Brief
Go to the line holding "9月14日下午,院党委书记刘" in the entries below and write out exactly every line down to and including the line holding "Illustration of Boy".

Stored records
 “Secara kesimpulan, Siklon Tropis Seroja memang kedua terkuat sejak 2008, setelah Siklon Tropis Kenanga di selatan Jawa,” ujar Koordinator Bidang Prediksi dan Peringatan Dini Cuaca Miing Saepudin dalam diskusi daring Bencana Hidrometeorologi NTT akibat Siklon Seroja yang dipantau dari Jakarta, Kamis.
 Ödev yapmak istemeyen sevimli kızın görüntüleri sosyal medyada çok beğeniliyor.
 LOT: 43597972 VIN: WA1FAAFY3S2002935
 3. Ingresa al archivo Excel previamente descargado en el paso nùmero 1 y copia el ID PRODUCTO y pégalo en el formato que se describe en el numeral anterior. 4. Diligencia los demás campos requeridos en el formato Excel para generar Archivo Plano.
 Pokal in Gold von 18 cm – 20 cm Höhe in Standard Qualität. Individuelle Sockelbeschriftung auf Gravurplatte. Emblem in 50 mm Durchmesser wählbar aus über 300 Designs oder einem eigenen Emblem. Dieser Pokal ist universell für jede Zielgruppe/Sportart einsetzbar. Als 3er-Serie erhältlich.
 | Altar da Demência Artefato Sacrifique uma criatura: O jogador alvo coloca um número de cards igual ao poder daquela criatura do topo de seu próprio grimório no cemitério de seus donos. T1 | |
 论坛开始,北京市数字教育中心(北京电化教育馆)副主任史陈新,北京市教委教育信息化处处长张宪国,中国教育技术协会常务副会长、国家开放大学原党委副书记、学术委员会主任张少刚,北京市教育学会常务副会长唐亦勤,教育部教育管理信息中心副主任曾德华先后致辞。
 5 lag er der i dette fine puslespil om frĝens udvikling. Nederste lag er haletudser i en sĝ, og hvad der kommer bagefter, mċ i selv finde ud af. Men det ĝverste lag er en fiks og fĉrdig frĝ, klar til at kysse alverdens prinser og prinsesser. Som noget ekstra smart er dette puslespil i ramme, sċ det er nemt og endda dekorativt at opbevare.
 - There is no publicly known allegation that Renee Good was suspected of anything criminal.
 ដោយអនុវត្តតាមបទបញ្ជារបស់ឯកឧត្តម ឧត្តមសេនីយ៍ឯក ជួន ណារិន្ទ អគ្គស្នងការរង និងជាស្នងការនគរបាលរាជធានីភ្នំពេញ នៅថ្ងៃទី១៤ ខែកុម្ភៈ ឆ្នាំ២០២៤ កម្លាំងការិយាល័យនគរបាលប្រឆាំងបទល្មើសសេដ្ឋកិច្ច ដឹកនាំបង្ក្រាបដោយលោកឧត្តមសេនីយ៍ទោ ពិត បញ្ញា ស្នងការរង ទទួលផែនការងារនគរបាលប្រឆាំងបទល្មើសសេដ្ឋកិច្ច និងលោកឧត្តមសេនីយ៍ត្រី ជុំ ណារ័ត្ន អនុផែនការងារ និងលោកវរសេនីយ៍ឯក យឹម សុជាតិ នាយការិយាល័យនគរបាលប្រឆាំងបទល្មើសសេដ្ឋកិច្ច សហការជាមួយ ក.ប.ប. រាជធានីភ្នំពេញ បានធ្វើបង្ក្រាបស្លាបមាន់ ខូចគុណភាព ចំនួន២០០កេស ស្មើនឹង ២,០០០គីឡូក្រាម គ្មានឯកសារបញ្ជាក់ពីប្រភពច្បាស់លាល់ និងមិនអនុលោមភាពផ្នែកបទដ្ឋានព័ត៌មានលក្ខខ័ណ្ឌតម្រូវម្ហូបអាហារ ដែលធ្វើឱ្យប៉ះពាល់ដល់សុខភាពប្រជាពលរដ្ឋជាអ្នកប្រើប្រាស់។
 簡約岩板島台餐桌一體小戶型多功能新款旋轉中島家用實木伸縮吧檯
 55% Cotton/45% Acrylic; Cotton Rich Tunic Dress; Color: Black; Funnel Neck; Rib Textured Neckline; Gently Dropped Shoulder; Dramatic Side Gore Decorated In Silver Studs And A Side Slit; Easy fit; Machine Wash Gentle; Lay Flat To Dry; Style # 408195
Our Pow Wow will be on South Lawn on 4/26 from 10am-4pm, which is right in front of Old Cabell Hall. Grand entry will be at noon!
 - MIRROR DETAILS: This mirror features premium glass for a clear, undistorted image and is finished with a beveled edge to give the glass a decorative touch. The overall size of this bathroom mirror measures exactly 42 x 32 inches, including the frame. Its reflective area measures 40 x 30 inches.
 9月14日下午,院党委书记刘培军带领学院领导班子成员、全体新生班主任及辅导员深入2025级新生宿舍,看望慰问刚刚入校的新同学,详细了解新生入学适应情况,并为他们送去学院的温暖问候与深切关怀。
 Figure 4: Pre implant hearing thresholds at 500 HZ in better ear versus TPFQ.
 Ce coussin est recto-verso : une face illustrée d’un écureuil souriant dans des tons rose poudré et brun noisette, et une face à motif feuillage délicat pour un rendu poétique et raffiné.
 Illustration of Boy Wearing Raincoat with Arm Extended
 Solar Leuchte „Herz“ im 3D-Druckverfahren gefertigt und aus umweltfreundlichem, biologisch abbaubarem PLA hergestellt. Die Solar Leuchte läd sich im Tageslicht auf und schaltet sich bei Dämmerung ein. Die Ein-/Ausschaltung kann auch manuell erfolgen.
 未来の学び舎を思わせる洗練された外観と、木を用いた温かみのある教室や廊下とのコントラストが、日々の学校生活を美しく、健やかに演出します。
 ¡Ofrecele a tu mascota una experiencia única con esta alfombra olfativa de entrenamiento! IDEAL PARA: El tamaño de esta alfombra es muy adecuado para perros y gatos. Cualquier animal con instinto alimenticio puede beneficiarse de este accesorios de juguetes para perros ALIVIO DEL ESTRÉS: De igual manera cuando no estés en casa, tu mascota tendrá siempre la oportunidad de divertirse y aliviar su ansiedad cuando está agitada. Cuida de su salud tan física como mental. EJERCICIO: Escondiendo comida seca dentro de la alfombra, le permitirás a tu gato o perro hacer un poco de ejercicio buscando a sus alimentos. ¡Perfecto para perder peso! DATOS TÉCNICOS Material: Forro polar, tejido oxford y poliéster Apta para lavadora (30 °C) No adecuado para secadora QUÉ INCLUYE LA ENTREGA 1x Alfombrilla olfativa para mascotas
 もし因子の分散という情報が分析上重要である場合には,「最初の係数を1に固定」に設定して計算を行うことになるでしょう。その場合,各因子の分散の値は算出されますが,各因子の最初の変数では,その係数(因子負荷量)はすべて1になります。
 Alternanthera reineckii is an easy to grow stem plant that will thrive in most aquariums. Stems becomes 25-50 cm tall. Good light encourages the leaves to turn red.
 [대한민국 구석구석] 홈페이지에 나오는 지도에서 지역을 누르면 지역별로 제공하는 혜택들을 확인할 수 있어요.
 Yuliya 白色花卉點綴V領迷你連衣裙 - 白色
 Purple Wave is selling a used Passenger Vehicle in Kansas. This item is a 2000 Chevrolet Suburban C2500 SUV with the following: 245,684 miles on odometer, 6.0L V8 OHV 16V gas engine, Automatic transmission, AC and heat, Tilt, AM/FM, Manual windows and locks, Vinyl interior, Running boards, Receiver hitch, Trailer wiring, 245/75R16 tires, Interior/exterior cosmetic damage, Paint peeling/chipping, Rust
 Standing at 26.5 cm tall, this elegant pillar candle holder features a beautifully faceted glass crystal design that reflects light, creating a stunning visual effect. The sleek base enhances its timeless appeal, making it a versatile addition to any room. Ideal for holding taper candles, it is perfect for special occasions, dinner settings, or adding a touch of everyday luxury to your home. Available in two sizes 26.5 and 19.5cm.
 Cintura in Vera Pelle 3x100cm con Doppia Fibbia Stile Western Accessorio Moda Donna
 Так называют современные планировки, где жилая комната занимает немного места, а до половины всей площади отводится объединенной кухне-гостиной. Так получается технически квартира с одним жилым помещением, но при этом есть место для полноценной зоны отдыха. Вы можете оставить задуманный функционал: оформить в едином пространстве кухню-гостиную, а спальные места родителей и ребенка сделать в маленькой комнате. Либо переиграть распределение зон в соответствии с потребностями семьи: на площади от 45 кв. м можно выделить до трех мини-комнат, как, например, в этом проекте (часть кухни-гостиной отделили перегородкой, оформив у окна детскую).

Answer to this problem
 9月14日下午,院党委书记刘培军带领学院领导班子成员、全体新生班主任及辅导员深入2025级新生宿舍,看望慰问刚刚入校的新同学,详细了解新生入学适应情况,并为他们送去学院的温暖问候与深切关怀。
 Figure 4: Pre implant hearing thresholds at 500 HZ in better ear versus TPFQ.
 Ce coussin est recto-verso : une face illustrée d’un écureuil souriant dans des tons rose poudré et brun noisette, et une face à motif feuillage délicat pour un rendu poétique et raffiné.
 Illustration of Boy Wearing Raincoat with Arm Extended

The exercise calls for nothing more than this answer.